Internet Explorer 4.0 features Dynamic HTML, the next step in Web designability. With Dynamic HTML, you can position items, improve scripting services, and more!
Fasten your seat belts and get ready for Trident—the latest breakthrough in Internet technology to hit the World Wide Web. Trident is the codename for Microsoft's Dynamic HTML technology that will be delivered to users with the release of Microsoft® Internet Explorer 4.0 (IE 4.0). Imagine Web pages that dynamically sort a table of data the way a user chooses, insert a Table of Contents with the click of a button, and allow users to drag images and objects. All this and a whole lot more is possible with Dynamic HTML.

In the Beginning There was HTML…

Until now, users had little control over the style and content of Web pages once they were rendered. The static nature of HTML has limited the quality of user interaction that Internet developers could provide.
HTML was originally developed as a document format to exchange information over the Internet. It provided a platform-independent method for describing a document in a bandwidth-efficient manner. It was also relatively easy to interpret. As the focus of the Web shifted primarily from the scientific and educational communities to the commercial world, HTML was extended to provide richer formatting capabilities. Web pages became more artistic and compelling (largely through the creative use of images), but the underlying style and content of the pages remained fixed.
The advent of scripting and the ability to insert ActiveX
controls and applets gave Web pages their first breath of life. For the first time, users had the ability to interact with the Web. However, this level of interaction was a far cry from what people were used to with traditional applications and games. Until now, client-side scripting has been unable to directly access and change a Web page's HTML, although it could completely overwrite it. User interactions generally required communication with the Web server, which resulted in poor responsiveness.

HTML—The Next Generation

Microsoft has now done for HTML what it did so well (with COM) for the world of PC software: they objectized it. By expanding the current HTML Object Model to include HTML elements themselves, Microsoft has exposed the content and style of Web pages to programmatic access and control. HTML tags, style sheets, text, tables, ActiveX objects, and applets can be dynamically modified without interaction with the Web server. By giving client-side scripting the capability to control the content and style of a Web page, responses to user interaction can be handled on the client's PC, resulting in the almost instantaneous feedback that users have come to expect from software applications.
Data manipulation, formatting, and content changes are no longer solely dependent on Web servers. By capitalizing on the distributed computing model, server resources and bandwidth are conserved. The expanded object model has also enhanced the formatting capabilities of HTML. The location of objects and images can now be precisely specified. Overlapping and the control of an element's z-order are also possible. The movement of images can be achieved without the overhead of an animated GIF or other type of graphic.
There is more to Dynamic HTML than just client-side scripting. ActiveX controls can also access the HTML Object Model, paving the way for third-party custom controls that perform predefined functions on the contents of a Web page (this will be demonstrated in both this article and "Writing Internet Explorer 4.0 Controls with Visual Basic 5.0," by Joshua Trupin, in this issue).

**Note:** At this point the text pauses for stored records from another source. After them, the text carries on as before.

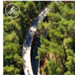
Bike Path A new connection between parts of the community. A new trail to support the summer months. A way to connect to neighboring areas.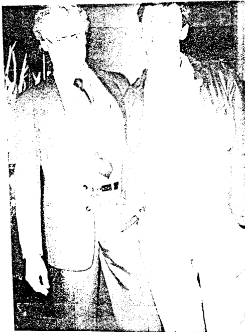
LASSEN BROTHERS COLLECT BRONZE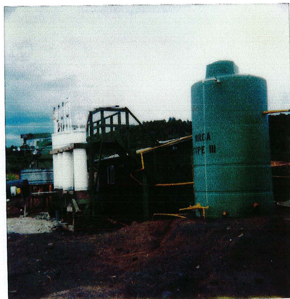
Gila County Thomas - Carbon Columns left over from Cyadule Era T+M #1 + T+M #2 8/25/87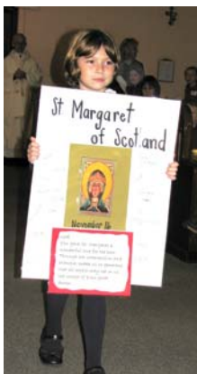
Introducing our Saints during Mass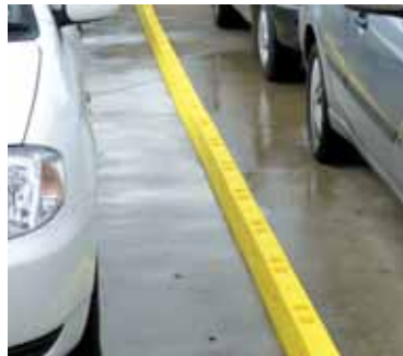
Menni modules connect together to form continuous lengths for traffic delineation.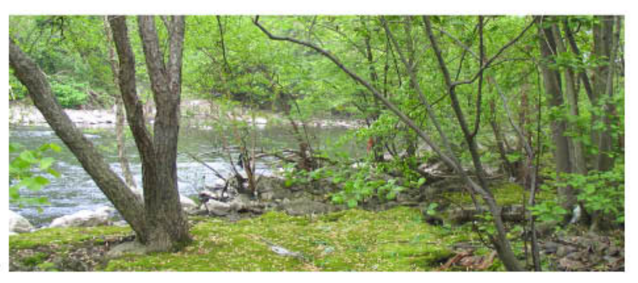
Eastern riverbank at ATP site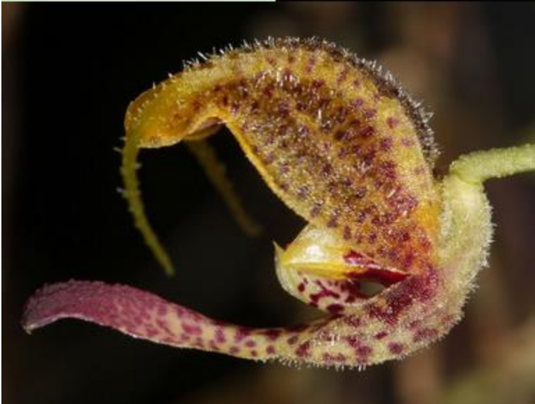
Side view of Scaphosepalum beluosum 'Kiri' flower.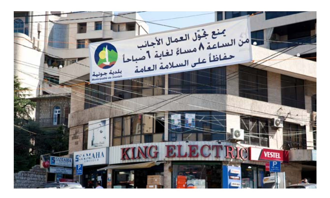
In many areas of Lebanon, curfews are imposed on Syrian refugees. Some refugee children have jobs that do not allow them to return home in time. This sign in a busy street in this suburb of Beirut, Lebanon, reads, "It is forbidden for foreign workers to walk around from 8pm-6am for public safety — Jounieh Municipality."

Syrian children. One community leader said theft by children had increased in the first half of 2013, sometimes instigated by adults. Some boys in Za'atari allegedly belong to gangs, which instill fear in other refugees living in the camp.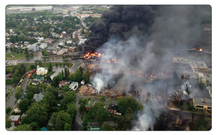
Aftermath of the Lac-Mégantic, Quebec, oil train derailment in July 2013.

Oil and gas industry earthquakes have taken many by surprise, but scientists have long known that injections (and withdrawals) of fluids beneath the surface can induce earthquakes.<sup>187</sup> Few, if anyone, however, anticipated the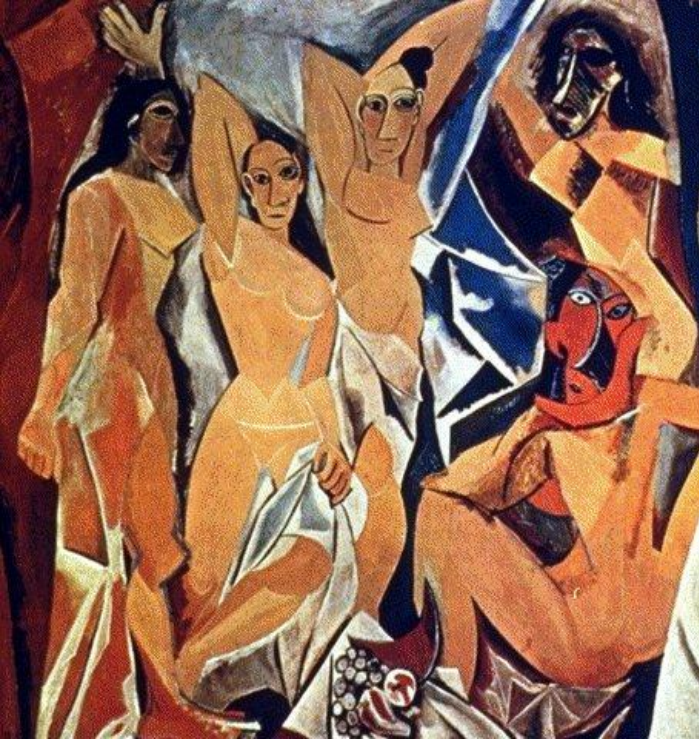
Les Demoiselles d'Avignon Pablo Picasso 1907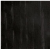
Nero poro aperto (Layer) Black open pore (Layer)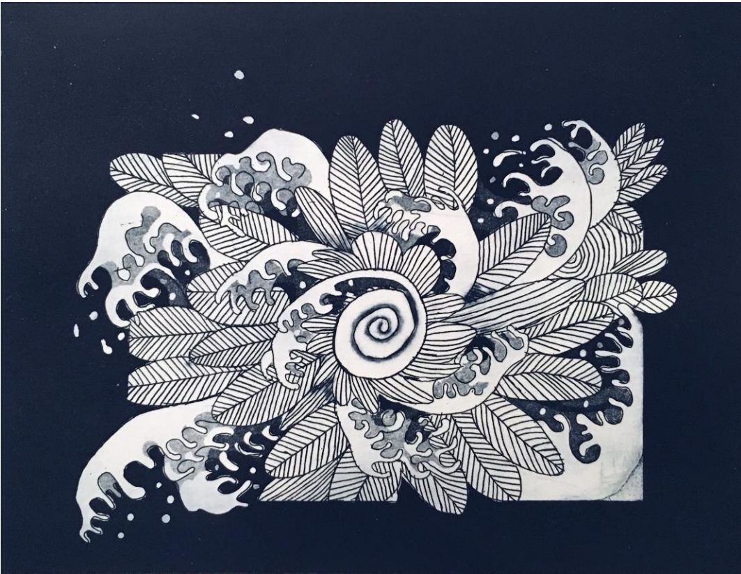
Vicky Tomayko "Sailing the Sea" , etching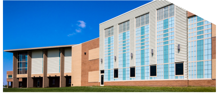
Elkhorn South High School / Elkhorn, NE Centria / Kalwall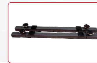
Leveling bar kits No.: SX003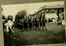
SURGICAL DRESSING WORKERS, JULY 4, 1918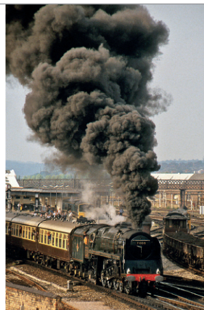
No.71000 'Duke of Gloucester' makes a spectacular departure from Derby Station with its second train for Dorking in April 1990.

Web Browsing the Object-Oriented Way

Before diving into the HTML Object Model, it's important to understand the role it plays. Although Microsoft Internet Explorer appears to be a single monolithic program, it is actually made up of a group of components. The executable IEXPLORE.EXE is a small program that simply serves as a container, providing a frame to Microsoft's WebBrowser object (SHDOCVW.DLL). This object implements the basic browser features such as forward and back navigation, favorites, page refresh, and printing.
The WebBrowser object itself does not have the ability to display an HTML page or any other type of document. It allows users to view and manipulate documents by acting as an ActiveX document container, loading the ActiveX document server that knows how to process the current URL. By taking this approach, Microsoft has made its browser document-independent—it can be used to view Word documents and Microsoft Excel spreadsheets as well as HTML pages. Moreover, documents can be viewed within their own environments; not only will Internet Explorer display a Word document, it provides the standard Word user interface as well.
Figure 1: HTML Viewer
Figure 1: HTML Viewer

Figure 2: Executing Scripts

In the case of Web pages, the WebBrowser object loads Microsoft's HTML Viewer (MSHTML.DLL). This ActiveX document server provides the functionality needed to interpret, display, and provide programmatic access to HTML pages (see Figure 1). This entree to the HTML pages is achieved through client-side scripting.
While the HTML Viewer knows HTML, it doesn't know how to execute code. When a <SCRIPT> tag is detected within a Web page, the HTML Viewer enlists the services of a scripting engine. The appropriate engine is loaded based upon the script's language (VBSCRIPT.DLL for Visual Basic
® Script or JSCRIPT.DLL for JScript and JavaScript). Once loaded, the HTML Viewer passes the code contained within the <SCRIPT> element to the scripting engine, where it is executed (see Figure 2).
Client-side scripting was developed as a method of accessing the properties and methods of objects and acting upon their events. As the host of the scripting engine, the HTML Viewer is responsible for exposing the objects that the script operates on. In addition to exposing a Web page's ActiveX controls, the HTML Viewer maintains and exposes a set of objects that allow access to elements of the browser and the content of the current Web page. Collectively, these objects are referred to as the HTML Object Model. The HTML Viewer exposes this object model as a set of COM interfaces. ActiveX controls within the Web page can also access the object model through these interfaces.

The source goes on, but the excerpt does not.